Membrane damage was increased by the combined effect of heat and drought stress. Ultrastructural studies revealed disorganisation in cell plastids (chloroplasts, mitochondria) because of damaged membranes, and the cytoplasm reflected a strong reduction in ribosomes. Results obtained from the studies on heat and drought stress effects on membranes reflected differential sensitivity between accessions, and these results are particularly important as might be used for germplasm evaluation and selection in breeding programmes for drought and heat stress tolerance.
Day length certainly affected plant growth and dry matter distribution, as well as other morphological traits (like internode length): short-day treatment led to higher root dry matter accumulation than long-day treatment. Long-day treatment increased flower shedding. These results showing s significant day length effect on ahipa are in agreement with studies carried out with other accessions, and modify preliminary statements about neutral reaction to day length variation.
The nutrient uptake and accumulation studies performed during growth of ahipa under field conditions showed that pod shells and seeds are main recipients for P, and limitation in root P uptake jointly with P redistribution from leaves to fruits could probably restrict plant growth. This is suggested by critical leaf P levels recorded at some growth stages. Roots and pod-shells were main sinks for plant K, and the concentration of K in leaves showed it was ranging deficiency levels (or clearly deficient) in most dates. Deficiency of P and K would certainly affect root yield because of the implication of both nutrients in carbohydrate synthesis and translocation.

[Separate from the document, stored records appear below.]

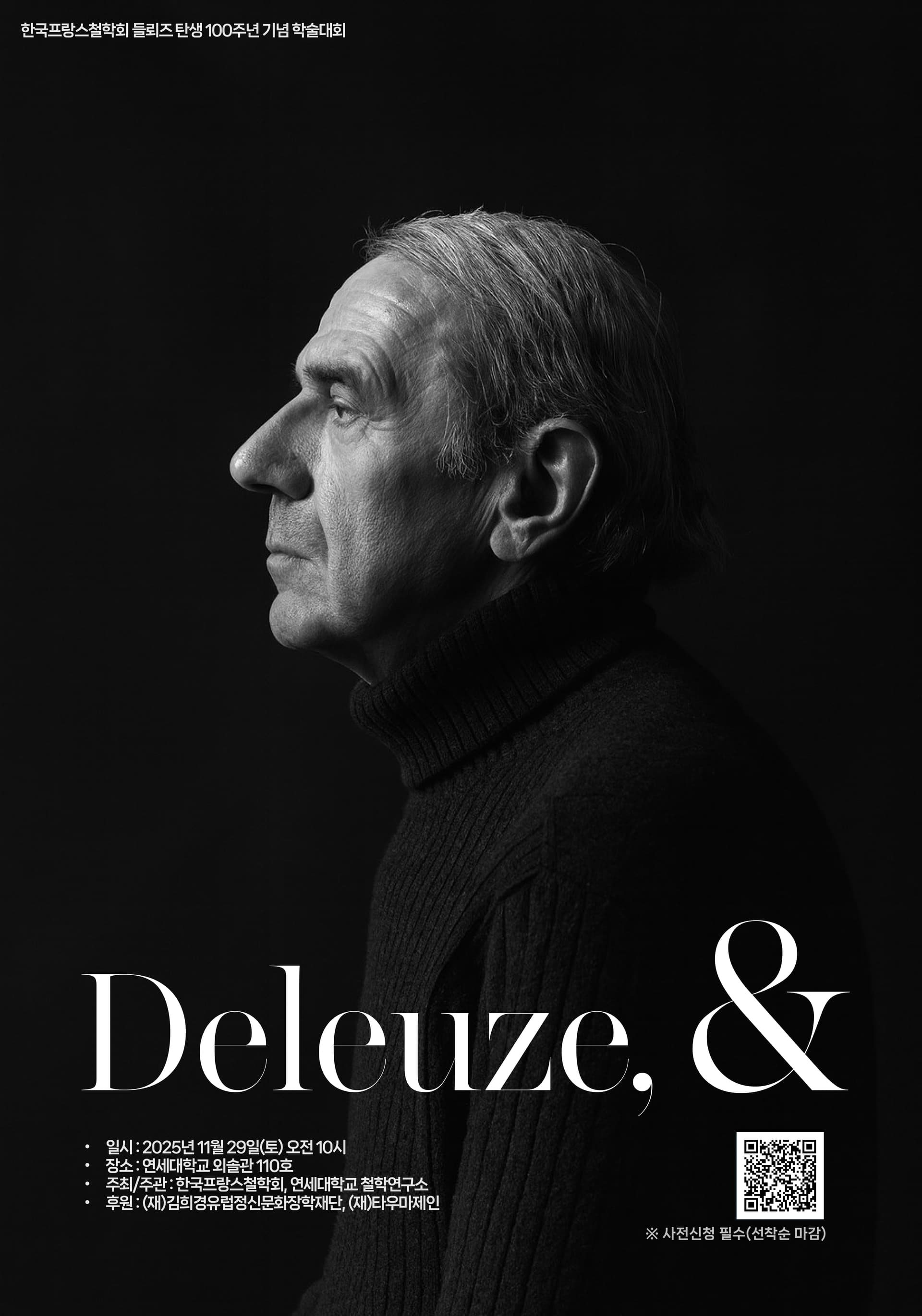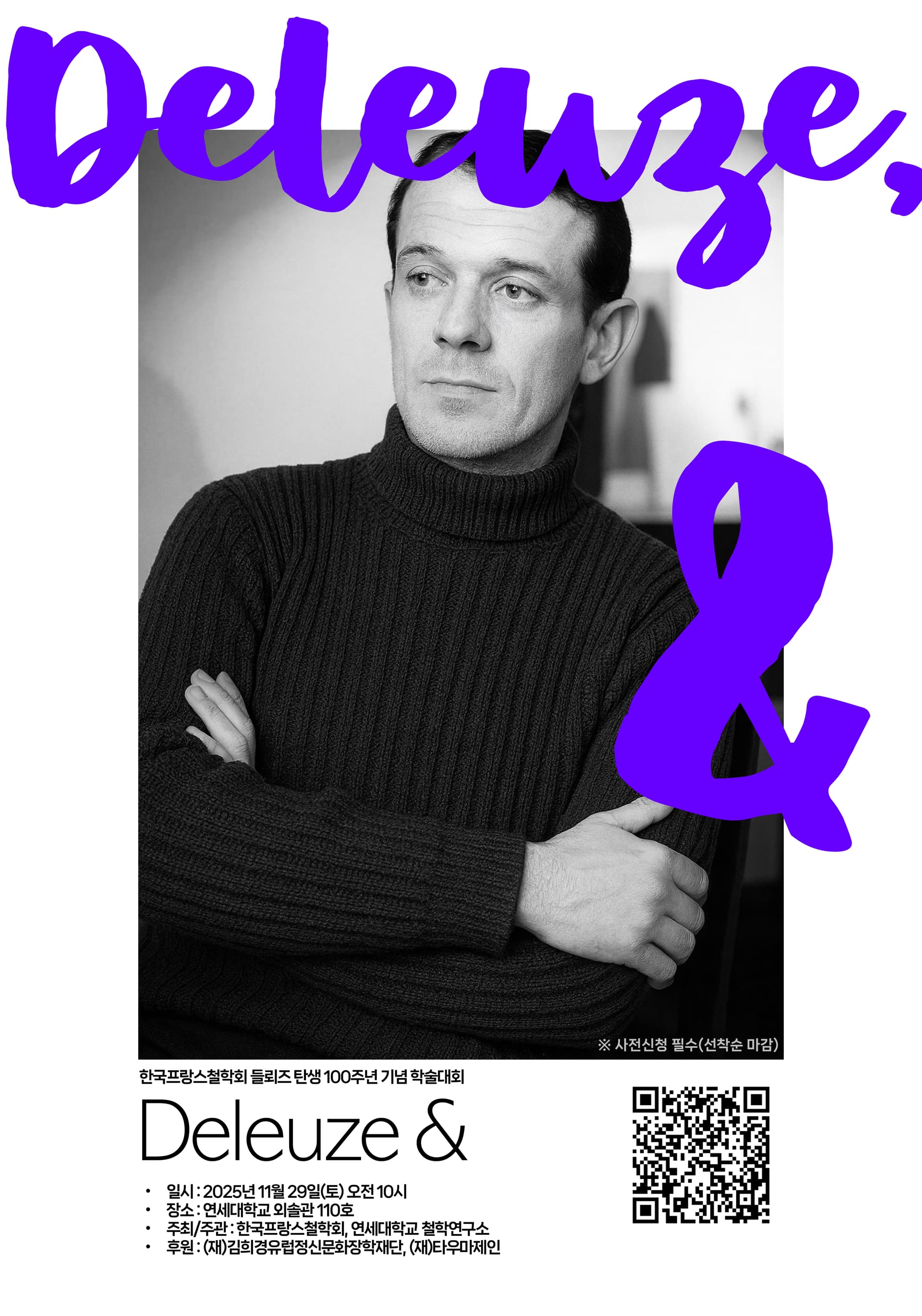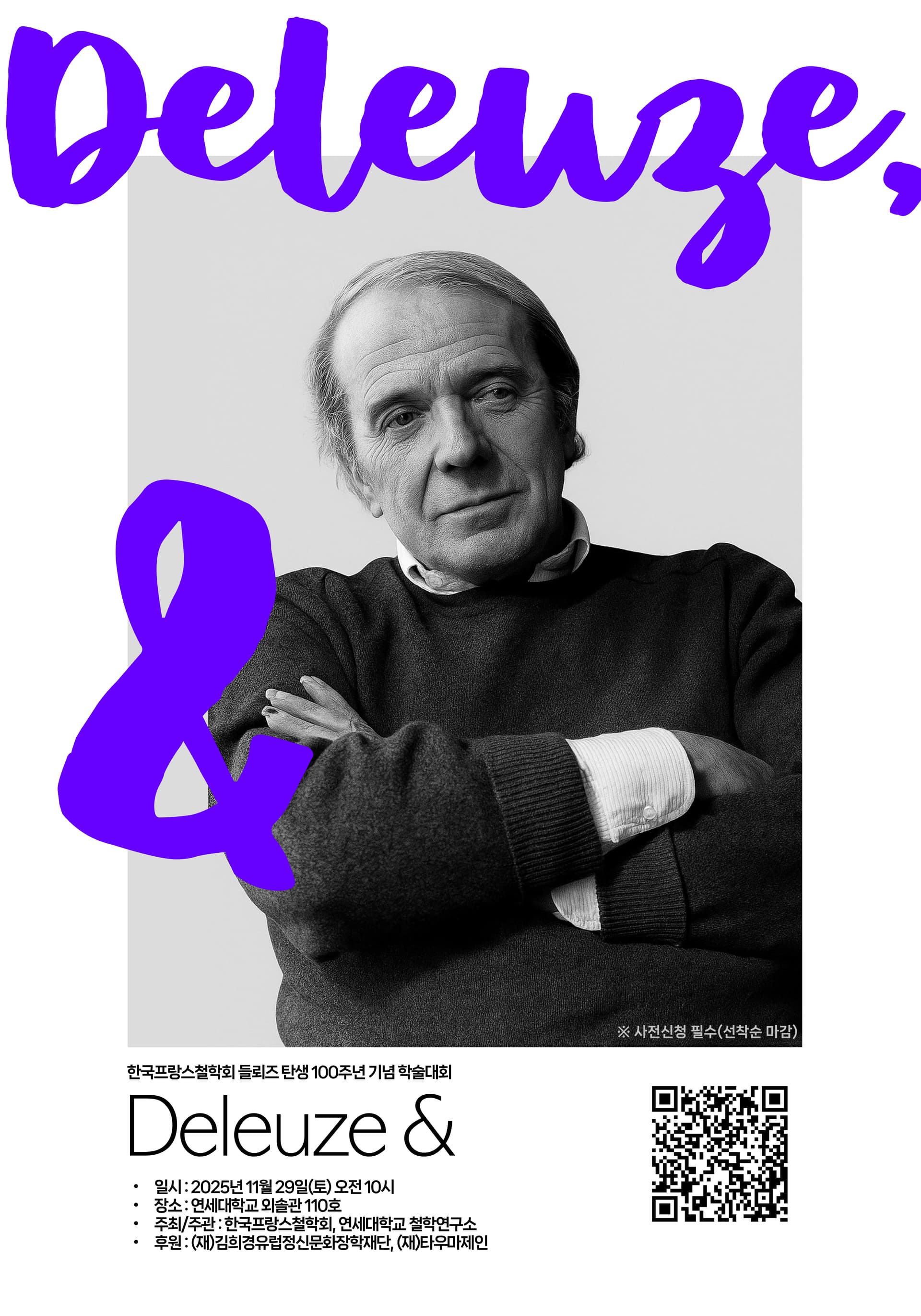 올해는 프랑스 철학자 질 들뢰즈의 탄생 100주년을 맞이하는 뜻깊은 해입니다.프랑스를 비롯한 세계 여러 나라에서 들뢰즈의 사유를 기념하는 학술대회와 다양한 문화 행사가 열리고 있는 가운데, 한국프랑스철학회도 이에 발맞추어 11월 29일 연세대학교 외솔관에서 학술대회를 개최하게 되었습니다.
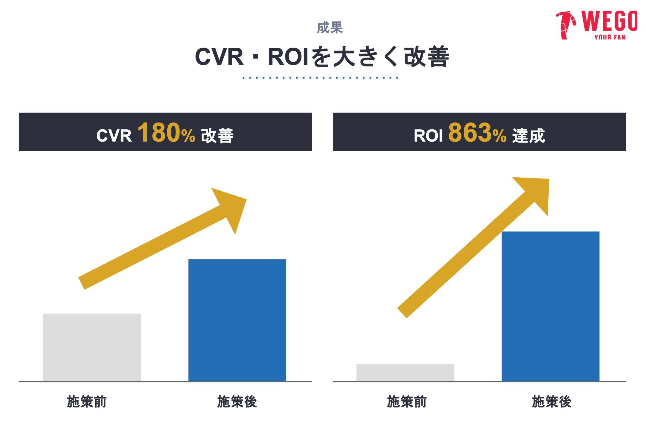 WEGOさんの課題は、社内に人材とノウハウが足りずに、施策を十分に回せないことでした。そこで私たちのチームが支援に入ることで、年間200本以上の施策を打ち出すことができ、その結果、CVRが1.8倍、ROIが860%と劇的な成果を上げることができました。
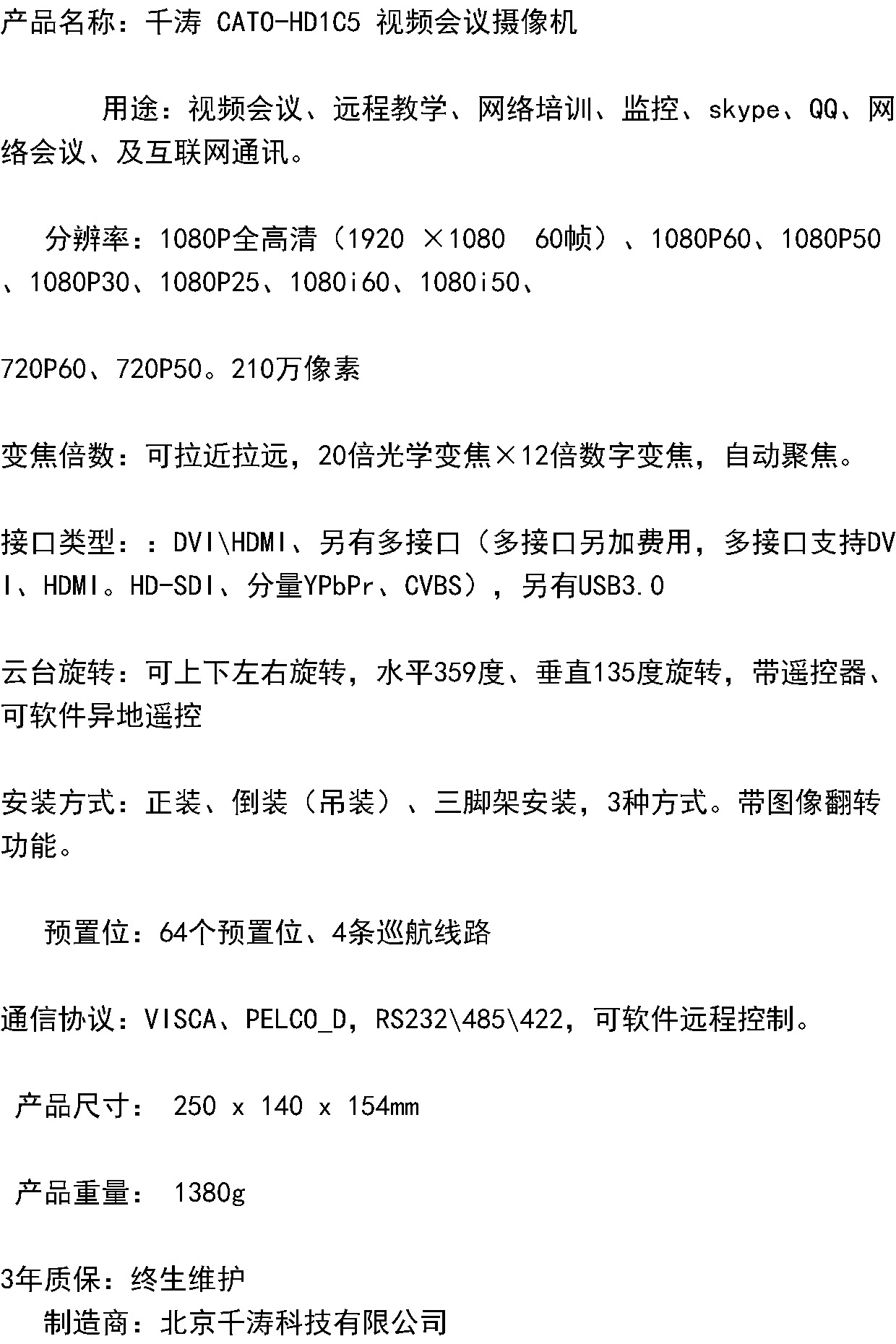 商品名称:千涛 视频会议高清摄像机1080P高清20倍光学变焦 可倒装 遥控旋转
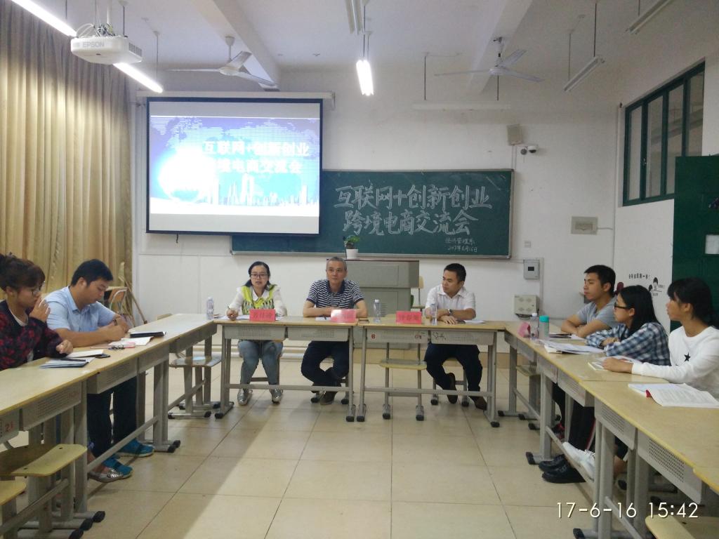 2017年6月16日下午3点,经济管理系在求真楼bb304召开“互联网+创新创业”跨境电商交流会。参加本次交流会的有校学工处钟春果老师、经管系邱文君老师、宁德市EMS负责人王兴国、芳佳凌以及经管系部分同学。

Leaf nutrient concentration studies performed on leaf samples from different sites in Portugal and Spain showed some soils were limiting nutrient uptake either by their low concentration in the soils or physico-chemical conditions reducing nutrient solubility and availability.
Thus, uptake of P and Zn would be restricted in some soils, whereas Cu would be at limiting concentrations for optimum growth in other soils. High Ca concentration in soils might affect P availability and even produce toxicity symptoms leaves at some growth stages.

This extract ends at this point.